How does XPath's contains() really work?
Brothers engaged in data collection should understand that web page element positioning is like a needle in a haystack. At this time XPath contains () function is your magnet, especially when the element characteristics are not obvious. For example, to find a page with all the "price" of the word div label, directly written as//div[contains(text(),'price')], much more flexible than matching with full text.
//[contains(@class,'btn_submit')] //find elements that contain the submit button style
//a[contains(@href,'product_detail')] //grab the product detail page link
How do proxy IPs and XPath work together?
Many websites anti-climbing mechanism thieves fine, the same IP frequent visits directly to your black. At this time we have toDynamic Residential Proxy for ipipgoOut of the gate, their IP pool is updated with 8000+ nodes per day. Let's say you want to collect price data from an e-commerce site:
import requests
from lxml import etree
proxies = {
'http': 'http://user:pass@gateway.ipipgo.com:9021'
}
resp = requests.get('https://xxx.com', proxies=proxies)
html = etree.HTML(resp.text)
prices = html.xpath('//span[contains(@class, "price")]')
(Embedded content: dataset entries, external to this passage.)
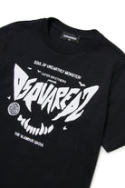 Soft cotton jersey short-sleeved T-shirt with Dsquared2 glossy effect print in contrasting color. The graphic inspired by horror imagery gives an original and out-of-the-box aesthetic.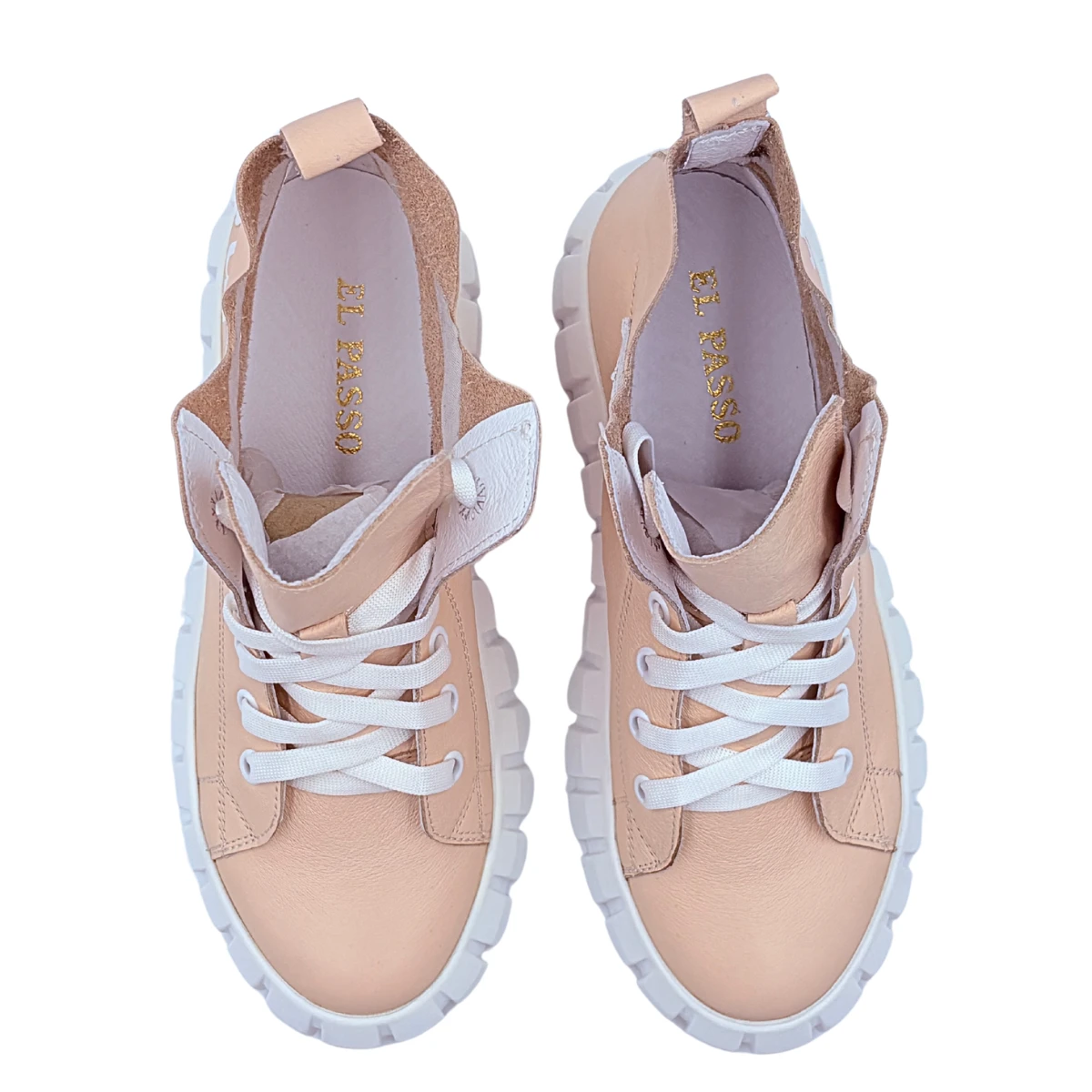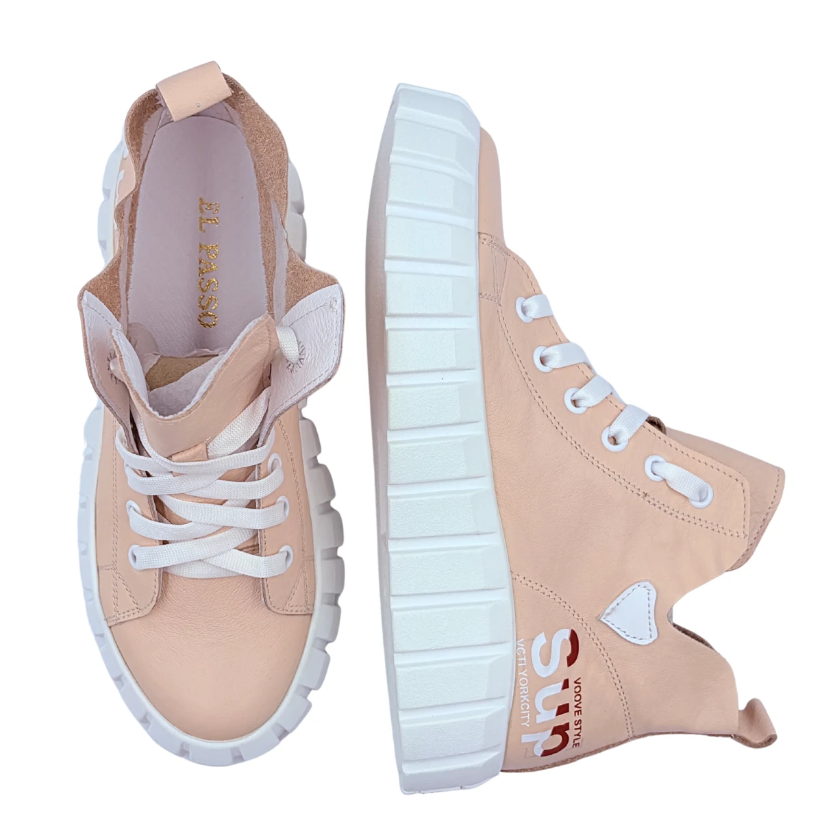 Sneakersy damskie El Passo w delikatnym różowym odcieniu to propozycja dla kobiet, które lubią łączyć wygodę z modnym akcentem. Naturalna skóra zapewnia trwałość i komfort, a biała naszywka w kształcie serca oraz stylowy napis dodają modelowi lekkości i charakteru.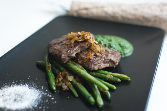 Обои Сочная отбивная с зеленой спаржей и соусом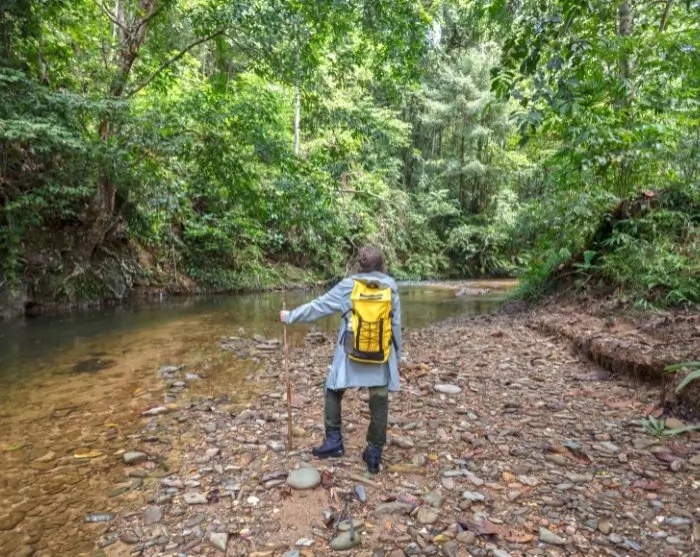 Sademetsässä et tarvitse kaikkia matkatavaroitasi. Pakkaa siis reppuun tai pienempään laukkuun vain välttämättömimmät ja jätä iso matkalaukku säilytykseen hotelliin. Sinut kuljetetaan Batang Ain kansallispuistoon, jonne on noin 5 tunnin ajomatka. Matkalla pysähdytään Lachau Bazaarissa, jossa voit kierrellä pienissä kaupoissa ja paikallisella torilla. Sinulla on myös tilaisuus nauttia varhainen lounas yhdessä paikallisista kahviloista ennen kuin jatkat matkaa kohti Batang Ai -järveä. Järvelle saavuttuasi nouset perinteiseen pitkäveneeseen, jonka kyydissä seilaat sivilisaation keskeltä iban-heimon kotiseudulle, missä odottaa koskematon luonto (ja olematon mobiiliverkko). Venematka kestää noin 1½ tuntia.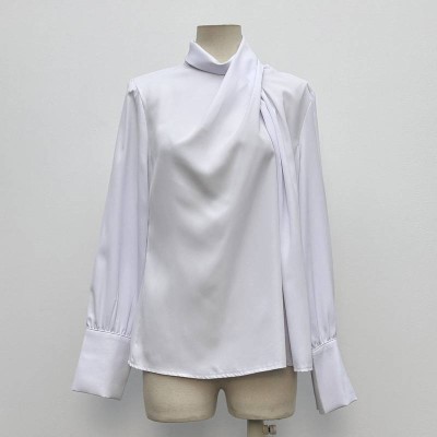 Designer Tie-neck Half-high Collar Long-sleeve White Shirt Elegant Commuter Satin Blouse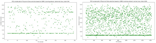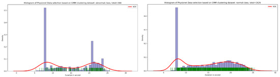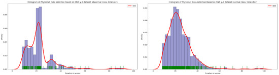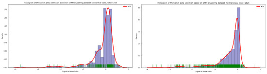 As seen in Figure 12, the result of the selection process based on the highest dense cluster issued from GMM biclustering gives us a 334 PCG sample for the abnormal class and a 1626 PCG sample for the abnormal class. The KDE curve in the function of duration and SNR related to normal and abnormal PCG samples is shown, respectively, in Figure 13 and Figure 14. Furthermore, Figure 15 gives us an overview of the KDE curve in function of SNR for normal and abnormal PCG classes after the GMM data selection process.

A practical guide to avoiding the pit
I've encountered this pitfall: a website that hides the price in thedata-priceIn the attribute, the surface text reads "¥??". in the attribute, the surface text shows "¥? At this point, simply using text() to locate it would be a bust, and you'd have to write it this way:
//div[@id='goods']/@data-price // extract attribute values directly
With ipipgo'sIntelligent Rotation StrategyThe company has set up an automatic IP change every 5 minutes, and the collection success rate has soared directly from 50% to 95%. They can also see the use status of each IP in the background, which is really worry-free.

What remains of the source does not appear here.